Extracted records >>
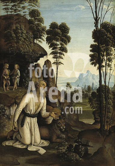 alb3711954 Saint Jerome in the Wilderness. Dated: c. 1490/1500. Dimensions: overall: 60 x 41.9 cm (23 5/8 x 16 1/2 in.) framed: 73.7 x 55.3 x 9.8 cm (29 x 21 3/4 x 3 7/8 in.). Medium: tempera on poplar panel. Museum: National Gallery of Art, Washington DC. Author: Follower of Pietro Perugino.
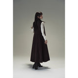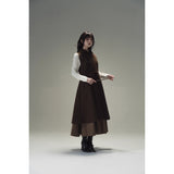 古代文献を守る司書、あるいは魔術学院の教授のような、クラシカルで端正な佇まいのケープとノースリーブコート。深みのある焦茶のケープは、古書の革装丁のように静かで重厚。同色のノースリーブコートは構築的なシルエットで、上品な均衡を描きます。知性と静謐を纏って世界へ誘われてみて。
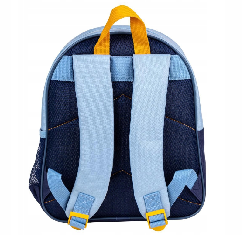 Plecak z popularnym bohaterką o imieniu Bluey to idealne akcesorium dla wszystkich dzieciaków, które właśnie wyruszają do szkoły. Pojemny plecak zawiera jedną większą komorę, która pomieści niezbędne przedmioty szkolne a dodatkowo mniejszą kieszeń z przodu, która idealnie posłuży do przechowywania piórnika czy śniadaniówki. Z boku znajduje się kieszeń z siatki na bidon Plecak jest błękitny i posiada doszyte uszka, przez co plecak wygląda jak Bluey!
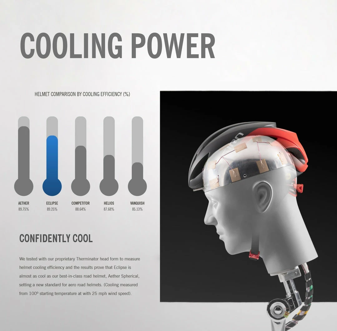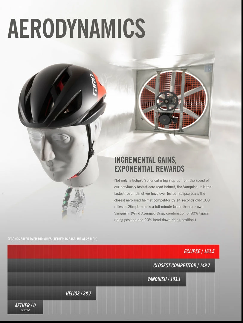Not only is the Giro Eclipse Spherical Road Bike Helmet a big step up from the speed of Giro’s previously fastest aero road helmet, the Vanquish, it is the fastest road helmet Giro has ever tested. The Giro Eclipse Spherical beats the closest aero road helmet competitor by 14 seconds over 100 miles at 25mph, and is a full minute faster than our Giro’s Vanquish. (Wind Averaged Drag, combination of 80% typical riding position and 20% head down riding position.)
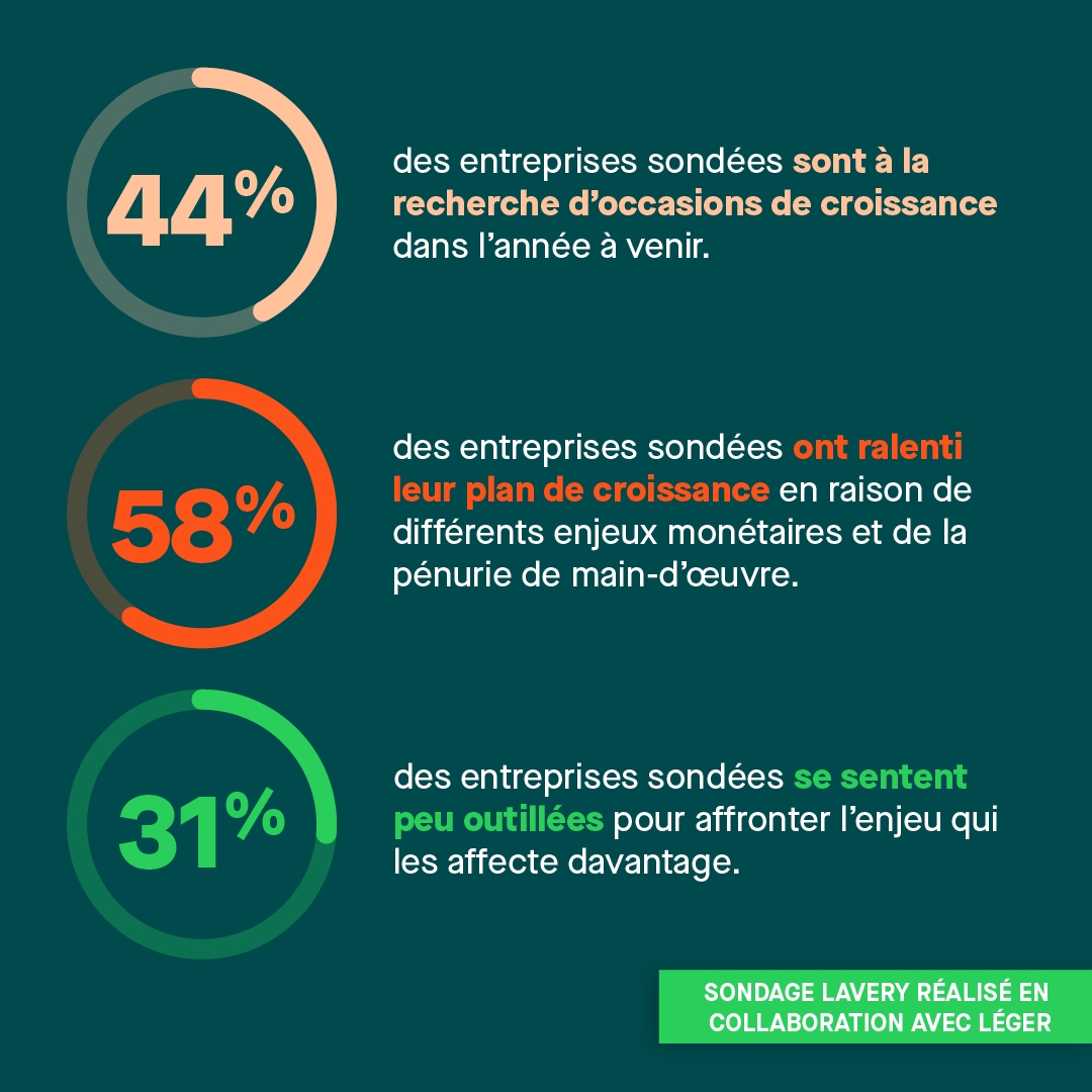 Un sondage réalisé par le cabinet d’avocats Lavery en collaboration avec Léger révèle que plus de la moitié des entreprises du Québec (58 %) ont ralenti leur plan de croissance en raison de différents enjeux monétaires et de la pénurie de main-d’œuvre. Ce sondage, qui prend le pouls des entreprises québécoises quant à leurs priorités et perspectives de croissance, révèle néanmoins que près de la moitié des organisations (44 %) sont toujours à la recherche d’occasions de croître dans l’année à venir.

WHAT IS REQUIRED >>
Only the text of the entries above is to be given again, exactly, with the pictures left out.

RESPONSE >>
 alb3711954 Saint Jerome in the Wilderness. Dated: c. 1490/1500. Dimensions: overall: 60 x 41.9 cm (23 5/8 x 16 1/2 in.) framed: 73.7 x 55.3 x 9.8 cm (29 x 21 3/4 x 3 7/8 in.). Medium: tempera on poplar panel. Museum: National Gallery of Art, Washington DC. Author: Follower of Pietro Perugino.
 古代文献を守る司書、あるいは魔術学院の教授のような、クラシカルで端正な佇まいのケープとノースリーブコート。深みのある焦茶のケープは、古書の革装丁のように静かで重厚。同色のノースリーブコートは構築的なシルエットで、上品な均衡を描きます。知性と静謐を纏って世界へ誘われてみて。
 Plecak z popularnym bohaterką o imieniu Bluey to idealne akcesorium dla wszystkich dzieciaków, które właśnie wyruszają do szkoły. Pojemny plecak zawiera jedną większą komorę, która pomieści niezbędne przedmioty szkolne a dodatkowo mniejszą kieszeń z przodu, która idealnie posłuży do przechowywania piórnika czy śniadaniówki. Z boku znajduje się kieszeń z siatki na bidon Plecak jest błękitny i posiada doszyte uszka, przez co plecak wygląda jak Bluey!
Not only is the Giro Eclipse Spherical Road Bike Helmet a big step up from the speed of Giro’s previously fastest aero road helmet, the Vanquish, it is the fastest road helmet Giro has ever tested. The Giro Eclipse Spherical beats the closest aero road helmet competitor by 14 seconds over 100 miles at 25mph, and is a full minute faster than our Giro’s Vanquish. (Wind Averaged Drag, combination of 80% typical riding position and 20% head down riding position.)
 Un sondage réalisé par le cabinet d’avocats Lavery en collaboration avec Léger révèle que plus de la moitié des entreprises du Québec (58 %) ont ralenti leur plan de croissance en raison de différents enjeux monétaires et de la pénurie de main-d’œuvre. Ce sondage, qui prend le pouls des entreprises québécoises quant à leurs priorités et perspectives de croissance, révèle néanmoins que près de la moitié des organisations (44 %) sont toujours à la recherche d’occasions de croître dans l’année à venir.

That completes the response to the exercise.